BEGIN DATA TO PROCESS
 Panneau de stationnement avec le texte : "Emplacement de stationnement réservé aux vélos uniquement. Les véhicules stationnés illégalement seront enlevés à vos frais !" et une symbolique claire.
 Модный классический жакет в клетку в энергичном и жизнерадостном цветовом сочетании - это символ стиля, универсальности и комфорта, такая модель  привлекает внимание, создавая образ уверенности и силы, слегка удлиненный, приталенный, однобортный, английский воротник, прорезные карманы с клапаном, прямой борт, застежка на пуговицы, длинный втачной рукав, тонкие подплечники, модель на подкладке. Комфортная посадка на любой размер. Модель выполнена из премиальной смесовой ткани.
END DATA TO PROCESS
BEGIN DATA TO PROCESS
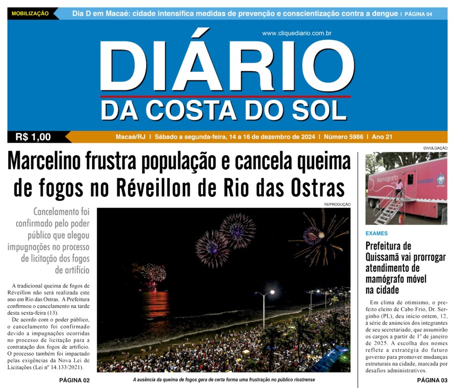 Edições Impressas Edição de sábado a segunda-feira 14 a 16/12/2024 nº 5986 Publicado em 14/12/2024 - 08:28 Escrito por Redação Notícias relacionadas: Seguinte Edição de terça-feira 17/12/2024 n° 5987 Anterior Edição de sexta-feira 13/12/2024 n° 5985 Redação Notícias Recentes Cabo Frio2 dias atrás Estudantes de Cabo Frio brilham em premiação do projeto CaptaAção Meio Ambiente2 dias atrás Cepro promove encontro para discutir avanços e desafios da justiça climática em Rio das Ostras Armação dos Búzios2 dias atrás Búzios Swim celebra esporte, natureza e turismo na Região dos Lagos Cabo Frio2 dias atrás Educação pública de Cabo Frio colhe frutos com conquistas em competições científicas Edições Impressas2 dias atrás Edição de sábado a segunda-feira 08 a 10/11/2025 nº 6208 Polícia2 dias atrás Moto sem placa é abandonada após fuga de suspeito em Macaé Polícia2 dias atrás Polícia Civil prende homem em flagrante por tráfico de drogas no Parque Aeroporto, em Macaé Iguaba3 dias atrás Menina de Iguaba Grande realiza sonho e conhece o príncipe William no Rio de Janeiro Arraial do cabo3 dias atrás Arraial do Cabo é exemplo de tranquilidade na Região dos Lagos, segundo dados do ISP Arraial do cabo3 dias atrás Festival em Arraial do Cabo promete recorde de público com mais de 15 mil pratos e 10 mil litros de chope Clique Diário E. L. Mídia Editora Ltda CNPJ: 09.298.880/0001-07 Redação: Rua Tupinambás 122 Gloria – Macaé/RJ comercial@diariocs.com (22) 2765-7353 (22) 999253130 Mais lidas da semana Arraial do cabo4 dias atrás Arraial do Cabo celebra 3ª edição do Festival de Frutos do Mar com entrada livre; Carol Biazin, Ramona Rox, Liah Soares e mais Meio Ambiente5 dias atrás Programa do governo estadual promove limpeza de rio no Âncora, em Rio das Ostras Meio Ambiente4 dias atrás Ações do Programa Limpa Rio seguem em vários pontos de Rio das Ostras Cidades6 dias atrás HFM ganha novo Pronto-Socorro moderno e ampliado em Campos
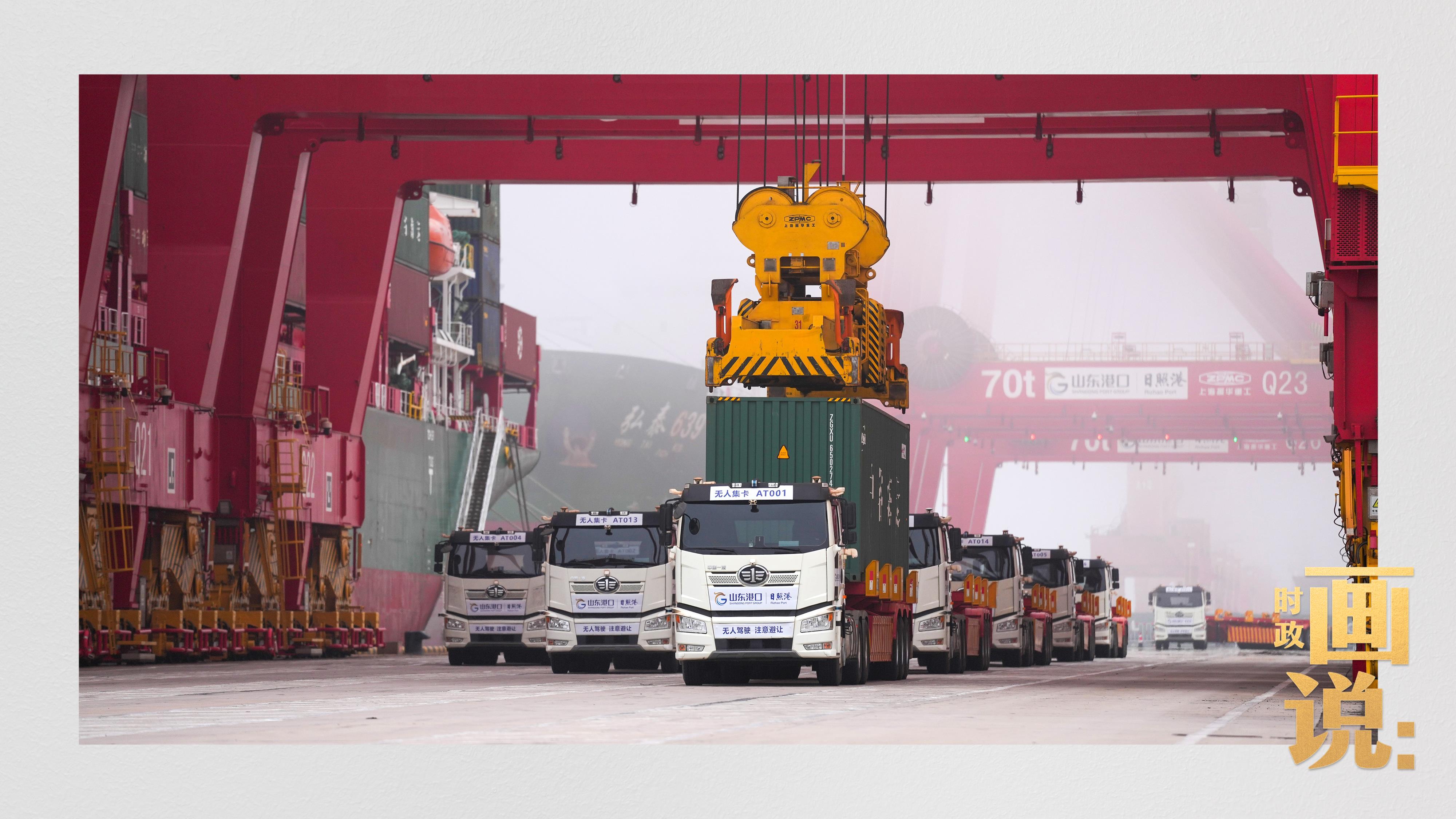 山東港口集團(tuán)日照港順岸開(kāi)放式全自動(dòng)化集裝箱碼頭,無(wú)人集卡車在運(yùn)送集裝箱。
END DATA TO PROCESS
BEGIN DATA TO PROCESS
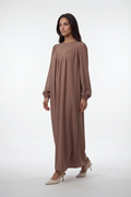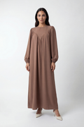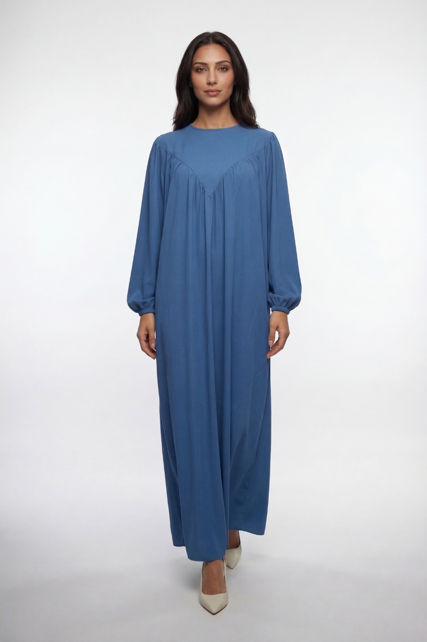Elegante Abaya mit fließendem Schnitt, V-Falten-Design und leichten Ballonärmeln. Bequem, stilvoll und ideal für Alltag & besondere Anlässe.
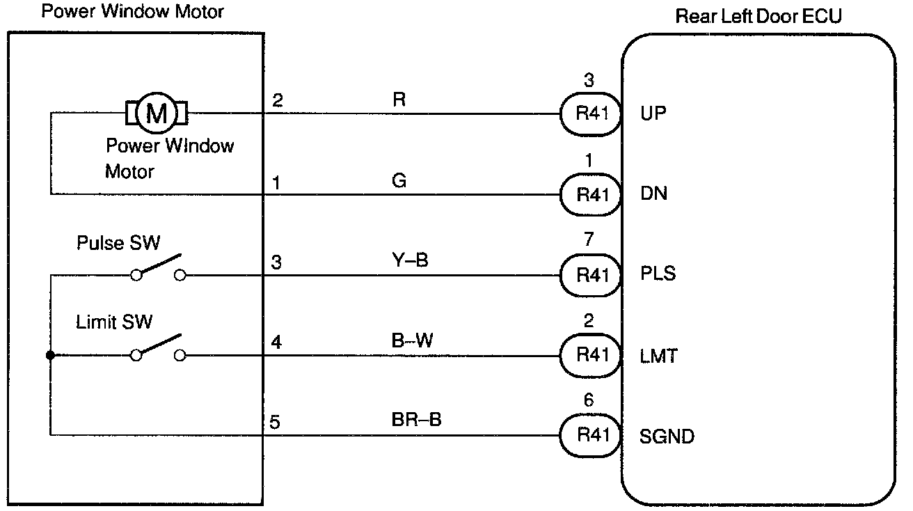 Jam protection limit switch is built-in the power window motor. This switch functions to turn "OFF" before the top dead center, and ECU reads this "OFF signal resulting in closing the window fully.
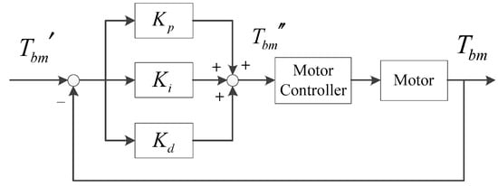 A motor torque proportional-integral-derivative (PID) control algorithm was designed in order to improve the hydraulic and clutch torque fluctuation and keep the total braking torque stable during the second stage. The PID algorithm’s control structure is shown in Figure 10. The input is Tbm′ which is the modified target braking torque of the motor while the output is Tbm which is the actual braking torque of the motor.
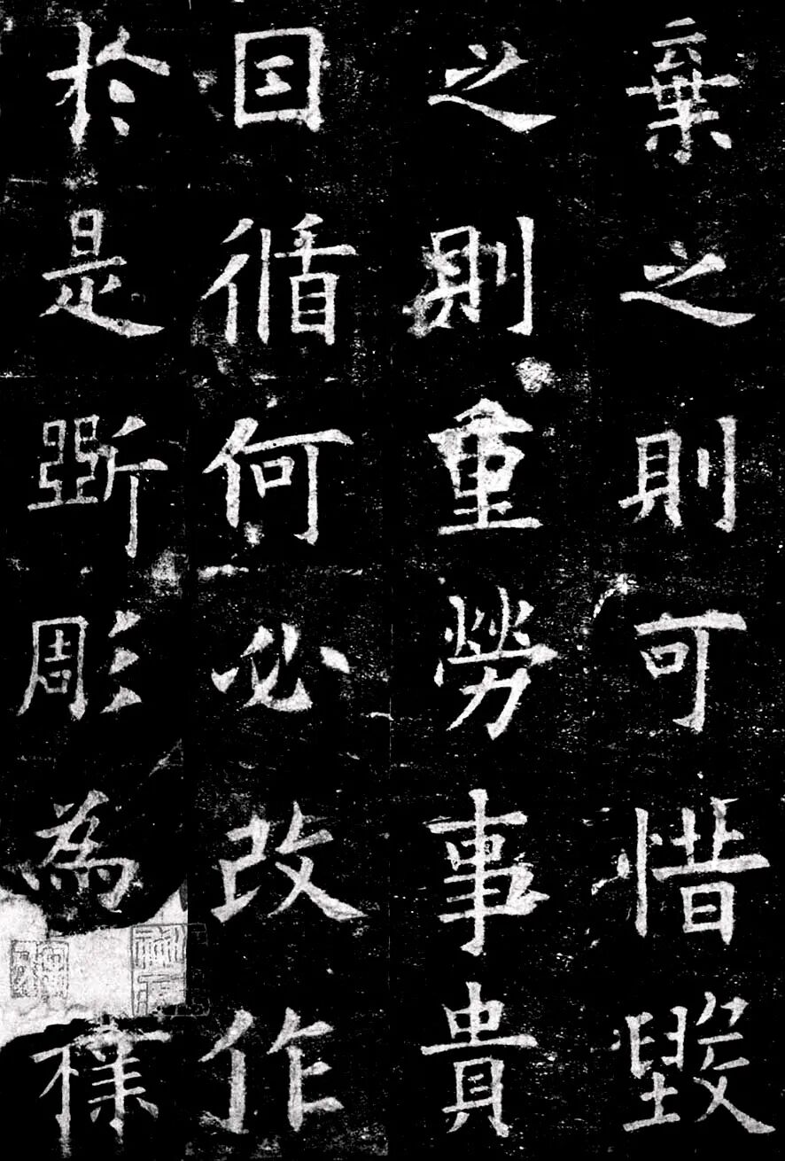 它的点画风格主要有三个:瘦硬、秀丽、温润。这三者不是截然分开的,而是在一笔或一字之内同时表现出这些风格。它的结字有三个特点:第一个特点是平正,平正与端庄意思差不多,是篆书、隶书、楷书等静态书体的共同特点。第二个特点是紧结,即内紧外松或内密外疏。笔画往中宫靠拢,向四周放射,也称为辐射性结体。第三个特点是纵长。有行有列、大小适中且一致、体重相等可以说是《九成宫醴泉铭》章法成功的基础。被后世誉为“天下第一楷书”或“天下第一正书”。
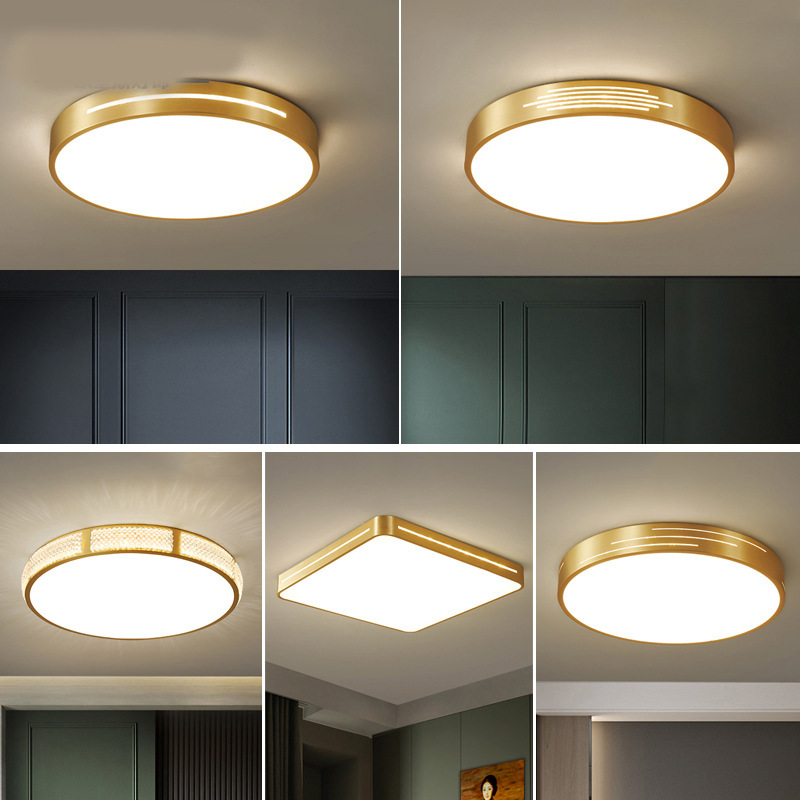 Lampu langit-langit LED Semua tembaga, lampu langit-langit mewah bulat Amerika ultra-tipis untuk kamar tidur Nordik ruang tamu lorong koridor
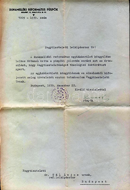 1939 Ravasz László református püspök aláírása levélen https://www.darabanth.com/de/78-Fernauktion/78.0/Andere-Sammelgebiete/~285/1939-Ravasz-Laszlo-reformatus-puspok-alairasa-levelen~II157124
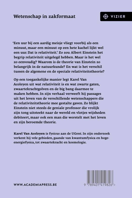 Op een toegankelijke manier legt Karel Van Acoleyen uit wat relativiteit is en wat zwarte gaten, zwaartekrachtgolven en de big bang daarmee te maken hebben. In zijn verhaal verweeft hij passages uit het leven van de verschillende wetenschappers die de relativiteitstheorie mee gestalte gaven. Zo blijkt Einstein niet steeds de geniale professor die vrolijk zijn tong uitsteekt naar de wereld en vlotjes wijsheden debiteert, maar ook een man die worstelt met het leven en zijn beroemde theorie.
END DATA TO PROCESS
WORK INSTRUCTIONS: Go to the line in the material above that contains "Panneau de stationnement" and copy exactly from there through the line that contains "Модный классический жакет", stopping after it.

WRITTEN RESPONSE:
 Panneau de stationnement avec le texte : "Emplacement de stationnement réservé aux vélos uniquement. Les véhicules stationnés illégalement seront enlevés à vos frais !" et une symbolique claire.
 Модный классический жакет в клетку в энергичном и жизнерадостном цветовом сочетании - это символ стиля, универсальности и комфорта, такая модель  привлекает внимание, создавая образ уверенности и силы, слегка удлиненный, приталенный, однобортный, английский воротник, прорезные карманы с клапаном, прямой борт, застежка на пуговицы, длинный втачной рукав, тонкие подплечники, модель на подкладке. Комфортная посадка на любой размер. Модель выполнена из премиальной смесовой ткани.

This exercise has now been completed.